### [Required action]
Between the line containing "YAŞAM ÇEMBERİ; ŞEHİRİMİZİ" and the line containing "Le centre met" lies a run of lines; give that run again exactly, with both of those lines, and nothing else from the entries below.

══ Records for the exercise ══

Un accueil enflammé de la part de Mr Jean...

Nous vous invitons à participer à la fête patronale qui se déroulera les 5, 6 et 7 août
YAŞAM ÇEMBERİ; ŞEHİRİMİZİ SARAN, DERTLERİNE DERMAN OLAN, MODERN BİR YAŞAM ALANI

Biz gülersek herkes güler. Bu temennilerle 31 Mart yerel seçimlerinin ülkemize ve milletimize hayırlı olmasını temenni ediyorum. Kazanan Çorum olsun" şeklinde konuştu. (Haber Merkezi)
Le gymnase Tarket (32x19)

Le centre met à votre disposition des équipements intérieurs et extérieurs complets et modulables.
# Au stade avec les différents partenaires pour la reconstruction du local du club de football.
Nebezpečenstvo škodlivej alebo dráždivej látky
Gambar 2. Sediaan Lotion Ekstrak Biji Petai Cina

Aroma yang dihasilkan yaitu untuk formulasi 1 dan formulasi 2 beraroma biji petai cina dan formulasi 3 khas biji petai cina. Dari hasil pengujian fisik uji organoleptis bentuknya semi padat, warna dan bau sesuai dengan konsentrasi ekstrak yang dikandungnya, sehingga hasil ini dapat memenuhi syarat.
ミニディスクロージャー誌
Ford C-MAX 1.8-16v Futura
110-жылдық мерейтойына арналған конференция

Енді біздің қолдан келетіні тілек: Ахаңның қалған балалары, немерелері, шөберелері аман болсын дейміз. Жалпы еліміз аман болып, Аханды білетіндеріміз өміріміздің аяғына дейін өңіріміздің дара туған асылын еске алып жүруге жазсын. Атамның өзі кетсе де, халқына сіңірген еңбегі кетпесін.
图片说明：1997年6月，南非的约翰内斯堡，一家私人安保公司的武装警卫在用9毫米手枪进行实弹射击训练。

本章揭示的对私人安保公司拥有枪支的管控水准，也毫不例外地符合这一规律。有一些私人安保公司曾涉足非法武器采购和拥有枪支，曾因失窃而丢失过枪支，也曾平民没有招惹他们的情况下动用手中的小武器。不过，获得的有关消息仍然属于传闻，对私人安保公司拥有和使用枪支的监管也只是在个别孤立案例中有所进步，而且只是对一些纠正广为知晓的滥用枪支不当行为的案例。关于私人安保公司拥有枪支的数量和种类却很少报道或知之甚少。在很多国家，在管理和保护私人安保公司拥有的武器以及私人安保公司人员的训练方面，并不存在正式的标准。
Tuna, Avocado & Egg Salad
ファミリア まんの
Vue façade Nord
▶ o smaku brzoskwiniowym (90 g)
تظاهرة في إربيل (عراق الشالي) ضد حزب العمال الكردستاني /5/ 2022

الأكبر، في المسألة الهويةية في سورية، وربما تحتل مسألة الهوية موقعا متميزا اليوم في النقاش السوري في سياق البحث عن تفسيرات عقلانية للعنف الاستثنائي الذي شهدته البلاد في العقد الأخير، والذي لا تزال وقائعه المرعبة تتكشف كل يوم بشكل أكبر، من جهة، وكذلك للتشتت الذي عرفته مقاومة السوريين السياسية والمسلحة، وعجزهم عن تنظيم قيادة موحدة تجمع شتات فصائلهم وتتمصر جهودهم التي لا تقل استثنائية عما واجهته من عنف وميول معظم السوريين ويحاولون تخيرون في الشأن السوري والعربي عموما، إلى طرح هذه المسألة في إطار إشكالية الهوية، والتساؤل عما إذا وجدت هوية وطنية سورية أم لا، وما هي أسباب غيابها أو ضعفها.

═══

### [Response to the exercise]
YAŞAM ÇEMBERİ; ŞEHİRİMİZİ SARAN, DERTLERİNE DERMAN OLAN, MODERN BİR YAŞAM ALANI

Biz gülersek herkes güler. Bu temennilerle 31 Mart yerel seçimlerinin ülkemize ve milletimize hayırlı olmasını temenni ediyorum. Kazanan Çorum olsun" şeklinde konuştu. (Haber Merkezi)
Le gymnase Tarket (32x19)

Le centre met à votre disposition des équipements intérieurs et extérieurs complets et modulables.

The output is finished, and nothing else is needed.